I think apistos are fairly hardy. Tank raised fish won't require as low of a ph if that's what they were raised in. Try to find fish that were raised in similar water to yours.

File size requirement depends on the amount of fish. You would probably be ok with a c160 if you only have a few fish in the tank say 6-8 3-4" fish. Optimally, you'd want to aim for around 8-10x the water volume an hour. So for a tank that size a filter that does 300-400gph would be best.

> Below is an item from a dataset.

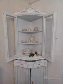 mobile vetrina in noce rifatta in stile shabby color bianco, misure lato 64×64 H204 divisibile, Seguici su Facebook SHABBY CHIC Sandra Tamiazzo 3283714775 Davide Finotto 3282882270

Right now the driftwood and holey rock and kind of equalizing each other. The driftwood will lower you ph where as the holey rock will raise. If you want to go with south americans and a planted tank I would get rid of the holey rock. Use something like seachem bio matrix or bio balls for filtration.


----------



## juanke (Feb 19, 2013)

So I was thinking about may be a pair of anglefish, 8-10 neon tetras, 3triple red apistos, a few snails, 5-6 cory catfish and maybe some rainbow fish. I haven't decided on them yet tho.
*** taken out all the holey rock and am about to sell them to someone local. So now after I do that I was gonna buy more driftwood and a bunch of low light plants and put them in the tank and do a fish less cycle


----------



## mambee (Apr 13, 2003)

I foresee a few problems with your plans. Angelfish will eat your neons. I would substitute rummynose tetras. Also, angelfish need to be kept in groups to spread out the aggression. I had 2 angels that couldn't coexist in a 90 gallon tank. Rainbowfish also do best in groups and get fairly large. There are plenty of nice tetras that would work better. I'm thinking lemon tetras, pristella tetras or black phantom tetras.


----------



## juanke (Feb 19, 2013)

so id have the same amount of rummynose instead of neons, the 3 apistos, the corys, and 6-7 lemon tetras. with the fish that i listed, would 3 or 4 angles even work?


----------



## mambee (Apr 13, 2003)

I think that would work. You can even substitute Bolivian rams if you can't find the apistos.


----------



## juanke (Feb 19, 2013)

I've already been in touch with a guy at my local club that breeds them and some other kinds. How many angels would you recommend, like 4? Do you think that would be too many fish for the tank?


----------



## mambee (Apr 13, 2003)

I would go with 4 angels and start with 6 of either rummynoses or lemon tetras and see how stocked you tank looks. Rummynoses are one of my favorites because they are so active. You can also add some low light plants such as anubias, crypts or java fern.


----------



## juanke (Feb 19, 2013)

So I just bought 5 rainbow cichlids at my local club for 2$, can these go in the tank as well or in place of something?


----------